Example 2 As in Example 1, 6.4 g of terephthalonitrile, N,
80 g of N-dimethylformamide and 7.5 g of water were charged into a reactor, and while maintaining the reaction temperature in the flask at 95 ° C., 2.5 ml of a 1 mol / liter sodium hydroxide aqueous solution was added. 30 minutes after the start of the reaction, 2.5 ml of a 1 mol / l sodium hydroxide aqueous solution was further added, and the mixture was reacted for 30 minutes. As a result, the conversion of terephthalonitrile was 96.3%, and the selectivity for 4-cyanobenzoamide was 89.0%.

Example 3 3.2 g of terephthalonitrile, 40 g of N, N-dimethylformamide and 5 ml of a 1 mol / l aqueous sodium hydroxide solution were charged into a 100 ml internal volume shaking autoclave (SUS-304) and sealed. . next,
After filling the autoclave with nitrogen gas at 1 MPa, the autoclave was heated to a reaction temperature of 110 ° C. and reacted for 1 hour. After the reaction, the autoclave was cooled, and the composition of the reaction product was analyzed by liquid chromatography. As a result, the conversion of terephthalonitrile was 98.2%, and the selectivity for 4-cyanobenzoamide was 83.2%.

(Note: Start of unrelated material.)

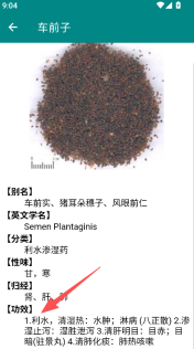 2、查看药材详情,了解别名、性味、归经等信息。
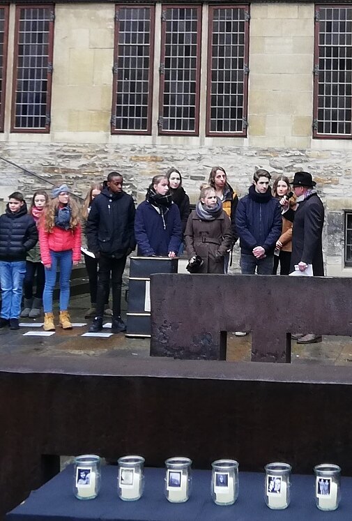 Neben einigen Reden wurden Schüler*innen zu den Projekten an ihren Schulen interviewt. Anschließend wurde der verschiedenen Opfergruppen gedacht und es wurden Kerzen für sie angezündet. Das gemeinsame Gedenken auf dem Platz des Westfälischen Friedens hat bei allen einen bleibenden Eindruck hinterlassen.

Example 4 As in Example 1, 6.4 g of terephthalonitrile, N,
80 g of N-dimethylformide and 10 g of water were charged into a flask, and heated and maintained at a reaction temperature of 95 ° C. next,
After adding 1.5 ml of a 20% by weight aqueous solution of tetramethylammonium hydroxide, the mixture was reacted for 1 hour. As a result, the conversion of terephthalonitrile was 88.9%,
The selectivity for 4-cyanobenzoic acid amide was 92.4%.

Example 5 A reaction was carried out under the same conditions as in Example 1 except that isophthalonitrile was used instead of terephthalonitrile as a raw material. As a result, the conversion of isophthalonitrile was 96.7%, and the selectivity for 3-cyanobenzoamide was 88.1%. In addition, isophthalic acid diamide, isophthalic acid, and the like were by-produced.

Example 6 Using the reaction product solution obtained in Example 1, 4-cyanobenzoamide was separated and recovered by the following method. Phosphoric acid was added dropwise to the reaction product to neutralize it, and the precipitated sodium phosphate was filtered. On the other hand, in the filtrate, water and N, N-dimethylformamide were completely distilled using a rotary evaporator. Next, 260 g of methanol was added to 12 g of the crystals.
And heated under reflux, and the insolubles were filtered while hot. On the other hand, 147 g of methanol was distilled off from the filtrate using a rotary evaporator, and then cooled, and the precipitated crystals were filtered. This was vacuum dried to obtain 8.9 g of crystals. As a result of composition analysis of the crystals by liquid chromatography, a purity of 9
8.1% of 4-cyanobenzoic acid amide.

[0020]

According to the present invention, in the hydration reaction of aromatic dinitrile, by-products of aromatic dicarboxylic acid amide are suppressed, and aromatic cyanocarboxylic acid amide is obtained with high selectivity and high yield. Therefore, its industrial significance is great.

 ──────────────────────────────────────────────────続 き Continued on the front page F term (reference) 4H006 AA02 AC53 BA02 BA29 BA69 BB20 BC10 BC31 BC34 QN30 4H039 CA71 CE20

Claims (4)

[Claims] 1. An aromatic dinitrile is reacted with N, N in the presence of a base.
-A method for producing an aromatic cyanocarboxylic acid amide, comprising subjecting only one nitrile group to a hydration reaction in a dimethylformamide solvent. 2. The method according to claim 1, wherein the aromatic dinitrile is phthalonitrile, isophthalonitrile or terephthalonitrile. 3. The base according to claim 1, wherein the base is one or more bases selected from alkali metal hydroxides, alkali metal carbonates, alkaline earth metal hydroxides and tetraalkylammonium hydroxides. 3. The method for producing an aromatic cyanocarboxylic acid amide according to 2. 4. The amount of the base is in the range of 0.01 to 1 mol per 1 mol of aromatic dinitrile, and the amount of water is 0.5 to 1 mol.
The method for producing an aromatic cyanocarboxylic acid amide according to any one of claims 1 to 3, which is in a range of from 30 to 30 mol.